Especialistas em segurança cibernética descobriram um sofisticada campanha de ciberespionagem visando um proeminente EUA. organização aeroespacial. O ator da ameaça, identificado como AeroBlade, executou um ataque de spearphishing, levantando sérias questões sobre a preparação geral para a segurança cibernética em indústrias críticas.
AeroBlade ataca empresa aeroespacial dos EUA
De acordo com os especialistas em segurança cibernética, the spear phishing attack incluiu o envio do arquivo malicioso por e-mail. O documento, nomeado [redacted].docx
, empregou uma técnica de injeção remota de modelo e um código de macro VBA malicioso. A infraestrutura de rede do invasor tornou-se operacional por volta de setembro 2022, com a fase ofensiva ocorrendo em julho 2023, conforme avaliado pela BlackBerry com “confiança média a alta.”
O ataque se desenrolou da seguinte forma:
- O documento malicioso do Word é entregue por meio de spear phishing por e-mail, incentivando os usuários a executar manualmente o arquivo.
- O documento executado empregou uma injeção remota de modelo para baixar um arquivo de segundo estágio, “
[redacted].dotm
.” - O arquivo do segundo estágio executado “
item3.xml
,” criando um shell reverso conectando-se a “redigido[.]redigido[.]com” sobre o porto 443.
A sofisticação do ataque reside na uso de uma técnica de injeção remota de modelo, um método mais avançado do que o phishing tradicional. Recuperando uma carga útil de um servidor remoto, os invasores podem contornar algumas medidas de segurança que geralmente capturam anexos maliciosos mais simples. O ataque envolveu a implantação de uma DLL como shell reverso, concedendo controle sobre o sistema da vítima.
Ator de ameaças AeroBlade – Isso é sério?
Callie Guenther, gerente sênior de pesquisa de ameaças cibernéticas na Critical Start, sugeriu o envolvimento de grupos criminosos patrocinados pelo Estado ou altamente organizados devido ao nível de comprometimento e recursos demonstrados. Como as empresas da indústria aeroespacial tendem a ser grandes e possuem sistemas de segurança bem construídos, hackeá-los nunca é uma tarefa trivial. Tais ações exigem comprometimento, profissionalismo e compreensão dos riscos.
Analistas da BlackBerry supõem a natureza comercial do grupo AeroBlade. Em todos os episódios da sua actividade detectados dirigiu-se à mesma empresa. A complexidade da abordagem de ataque e das ferramentas utilizadas cresceu significativamente, especialmente em áreas que visam a exfiltração de informações. No entanto, como sugerem outros analistas, nada os impede de mudar para uma extorsão de ransomware mais “clássica” no futuro.
Prevenindo ataques de phishing
A prevenção de ataques de phishing requer uma abordagem em várias etapas que combine soluções tecnológicas, educação do usuário, e políticas organizacionais. Aqui estão as etapas essenciais:
- Realize regularmente treinamento de conscientização sobre phishing para os funcionários educá-los sobre os vários tipos de ataques de phishing, sinais de aviso, e práticas on-line seguras. Ensine os usuários como reconhecer e-mails de phishing, incluindo a verificação dos endereços de e-mail do remetente. Também, examinando o conteúdo do e-mail em busca de erros gramaticais ou links suspeitos, e verificando anexos inesperados.
- Implemente soluções robustas de filtragem de e-mail para detectar e colocar em quarentena automaticamente e-mails de phishing antes que cheguem aos usuários’ caixas de entrada. Use protocolos de autenticação de e-mail para verificar a autenticidade dos e-mails recebidos e reduzir a probabilidade de falsificação de e-mail. Também, considere a implementação de sistemas CDR – eles simplesmente eliminarão qualquer conteúdo que seja capaz de prejudicar o sistema.

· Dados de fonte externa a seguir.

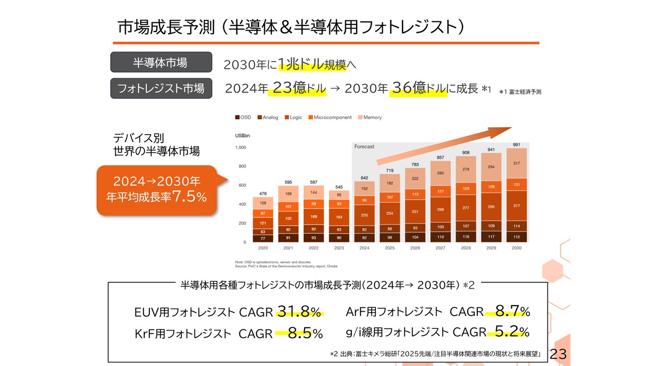 今、前工程のレジストでEUVやArF、KrF、i線用フォトレジストといったものをご説明しましたが、スライド23ではそれぞれのレジスト市場の成長予測が載っています。2024年から2030年にかけて、特にEUV用フォトレジストでは年率31%超の成長が期待されています。我々もEUVレジストのサプライヤーの1つとして、大手半導体メーカーにも採用されており、今後も成長が続くと思います。また、それ以外のArFでも8%、KrFでも8%、g/i線用でも5%ということで、引き続き堅調な成長が期待できる分野であると考えています。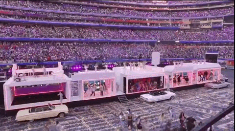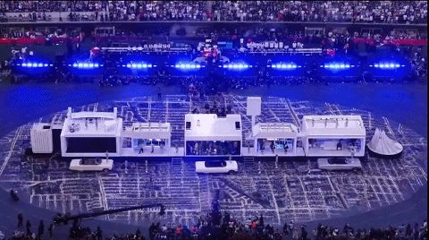 中场秀表演在五个相互连接的舞台上进行。舞台演出区域被设计成一栋拔地而起的白房子,演员一会儿在屋顶表演,一会儿又回到了房间。房子前停着经典的敞篷车,好像大家驱车回到了家。这样的布景设计很符合“邻里”的设计理念,温馨、亲密、有安全感和距离感。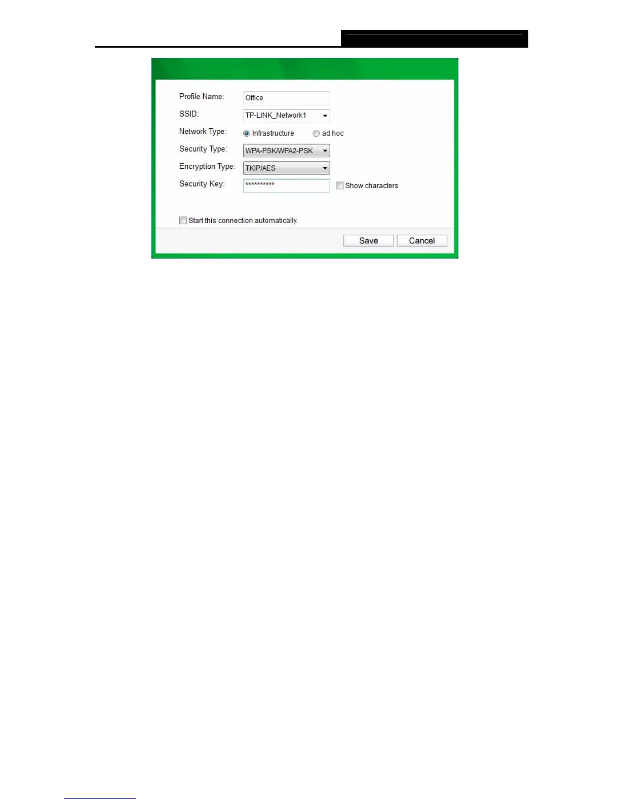 ¾ Security Key: Enter the passphrase exactly as it is on your wireless router or access point.

- Implemente ferramentas de filtragem da web que bloqueiem o acesso a sites maliciosos conhecidos e URLs associados a campanhas de phishing. Use serviços de verificação de URL para analisar e categorizar links de sites, ajudando os usuários a evitar clicar em URLs potencialmente prejudiciais.
- Mantenha todos os softwares, incluindo sistemas operacionais, navegadores, e software de segurança, atualizado com os patches mais recentes. Os cibercriminosos muitas vezes exploram vulnerabilidades em software desatualizado para lançar ataques de phishing. Fique de olho nas últimas notícias de segurança cibernética para estar ciente de novas vulnerabilidades.